Bringing the wireless communications analogy full circle, PoH is to blockchains what TDMA is to cellular networks. Picture Solana’s 1,000 validators as radio towers leveraging their synchronized clocks to subdivide their bandwidth into individual time slots. They are constantly receiving new transactions, each with a signed PoH hash attached by the sender, and forwarding them to their neighbors who can immediately order them using those PoH hashes. As leaders rotate based on the global clock, each leader chooses an ordered set of transactions to execute and then gossips that “entry” to the network. Validators return their votes on each “entry” and finalize transactions when they see that ⅔ of the validators have voted alongside them.

The network as a whole is constantly processing transactions in the same order at incredibly high volumes, but each validator is progressing independently. This is a subtle but profound change relative to other chains. In Solana, validators never stop progressing. They always move forward independently, regardless of network conditions and consensus.
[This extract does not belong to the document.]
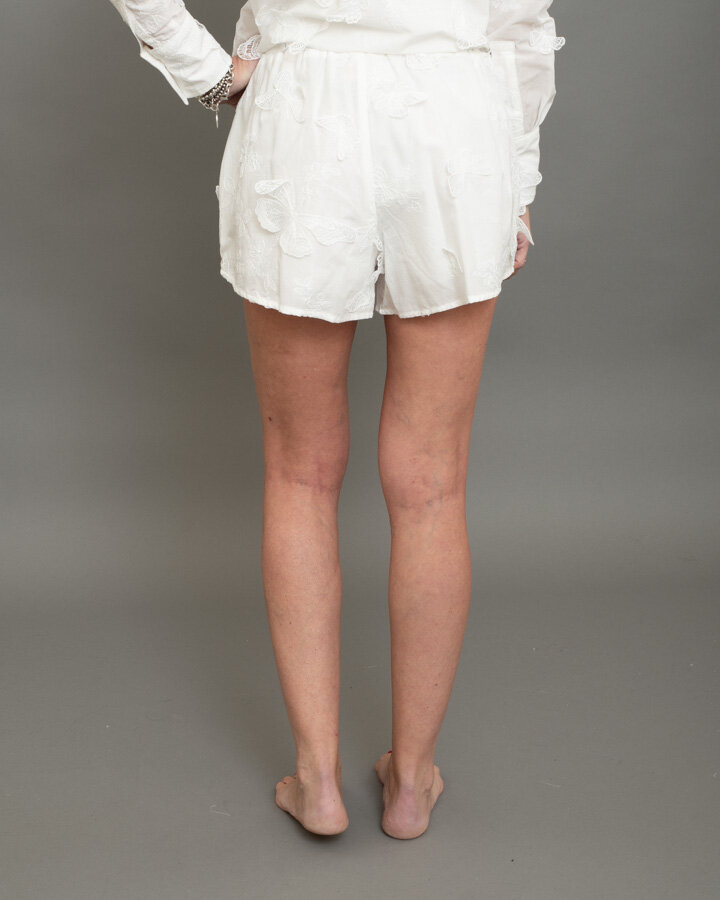 Short dal design fresco e romantico, impreziositi da delicati inserti in pizzo a forma di farfalla applicati su tutta la superficie. La linea morbida e la vita elasticizzata garantiscono comfort e vestibilità pratica, mantenendo uno stile leggero e femminile. Perfetti da indossare in coordinato con la camicia abbinata o da mixare con top essenziali per un look estivo raffinato e contemporaneo.

There are other tangential issues (e.g., rapid chain growth, a new programming model, the unbiasability of the timechain, parallelism) this new design brings up that are beyond the scope of this essay, though they are addressed in Solana’s documentation. Solana’s testnets today are processing upwards of 50,000 TPS with an average TTF of 1.5 seconds on networks of 200 validators across 5 continents. That is comparable to Spanner, except that it’s meaningfully decentralized.

This level of performance in a trust-minimized, permissionless world computer is only possible because of Solana’s separation of time and state. The Solana network’s globally available clock allows each node to update its state without having to communicate with any other nodes, just like Spanner.

Reframing Scalability

Although the crypto community has written ad nauseam about scalability and consensus models, none have explored the distributed clock problem specifically. With several years of Proof-of-Stake research culminating in Tendermint + BPoS as the best-in-class result, and numerous sharding proposals all essentially converging around the beacon chain + state sharding architecture, a granular timechain that allows for asynchronous state progression will provide the best performance for unsharded systems that prefer availability to consistency.
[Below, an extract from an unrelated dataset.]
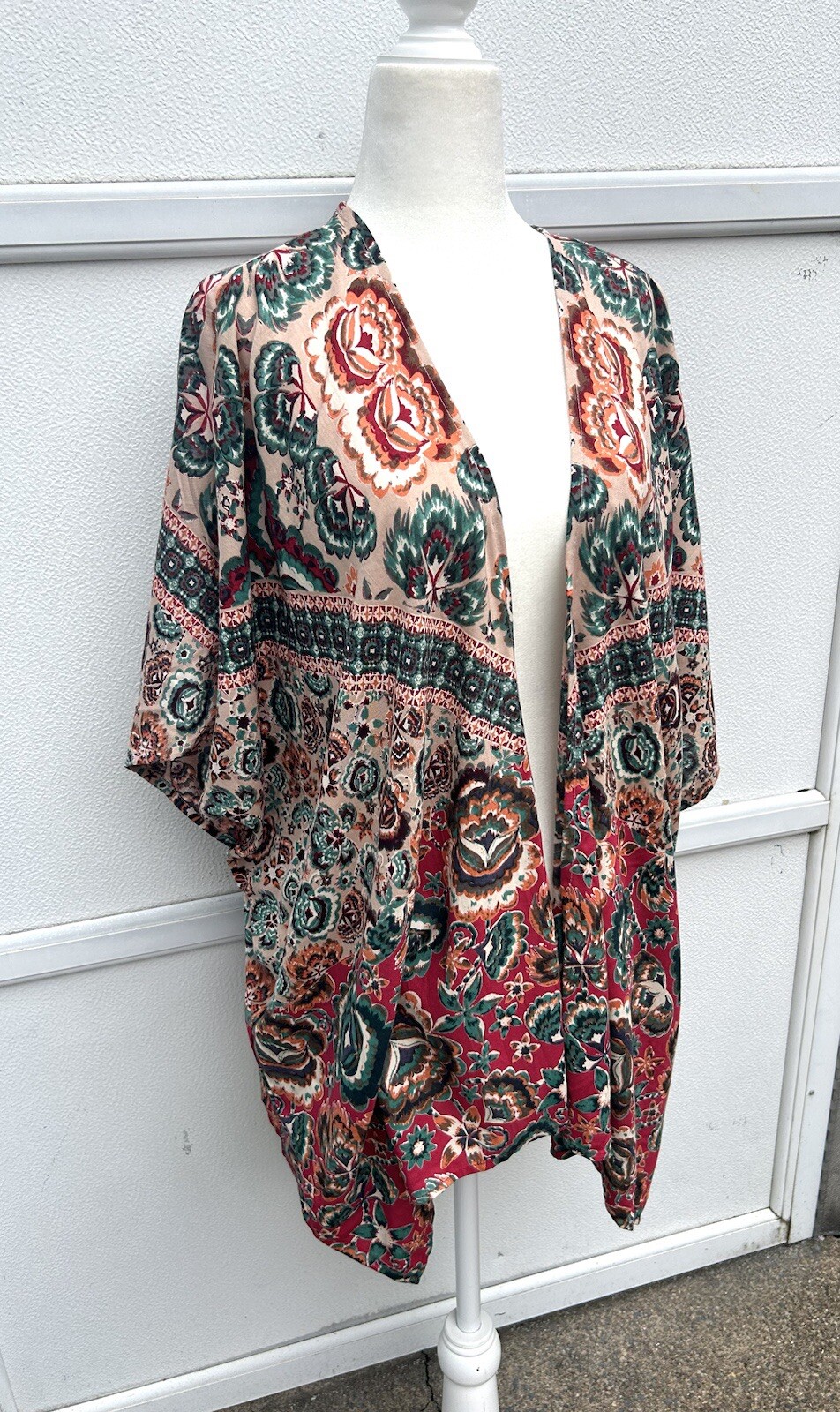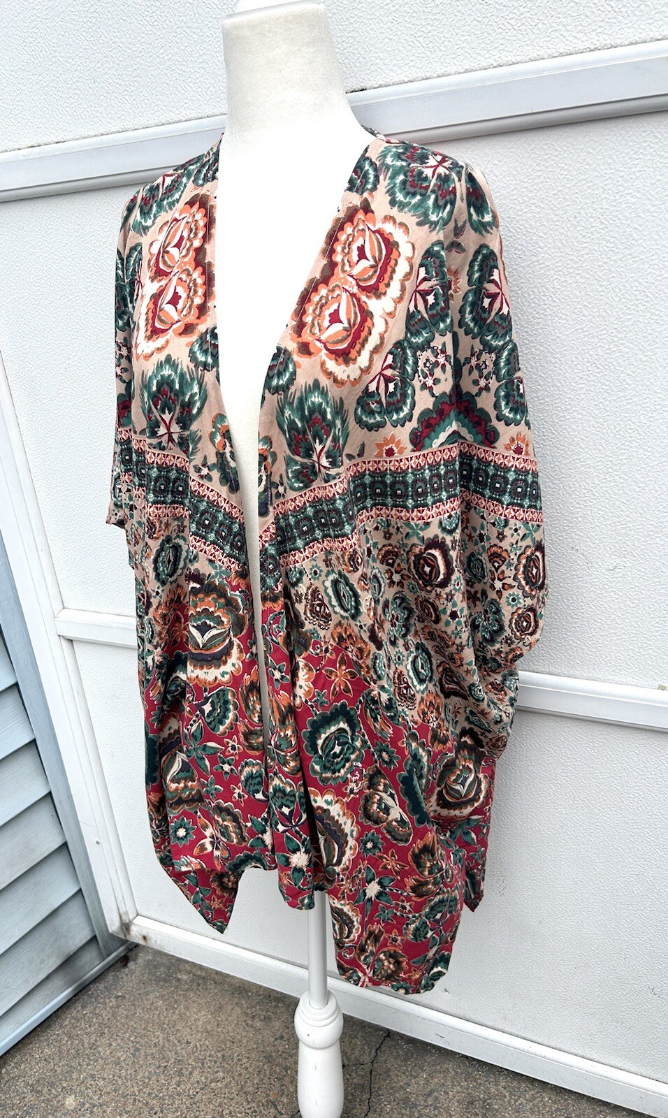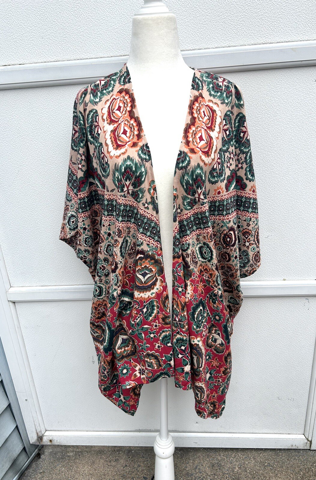 как выглядит Angie Kimono Top Women S Open Front Multi Colorful Cover Up Boho Festival Artsy фото

Providing a globally available clock allows the Solana team to leverage 40+ years of distributed systems research that is otherwise unapplicable. Concepts like Optimistic Concurrency Control were invented in 1981, and have been used in large-scale computing projects for years, but cannot be applied when time and state must progress together. Parallel processing with GPUs has been around since 1995, though largely limited to graphics cards until Nvidia released the CUDA development environment in 2007, but cannot be fully leveraged by blockchain-based systems that pessimistically lock all states except for the accounts currently being touched by a transaction.

Understanding the passage of time is paramount to the performance of distributed systems in both permissioned and permissionless settings. Time is everything, and with a new way to encode the passage of time in the form of Proof of History, permissionless systems can match the performance of proven, centralized cloud compute providers.

Thanks to Anatoly Yakovenko and Zaki Manian for providing feedback on this essay.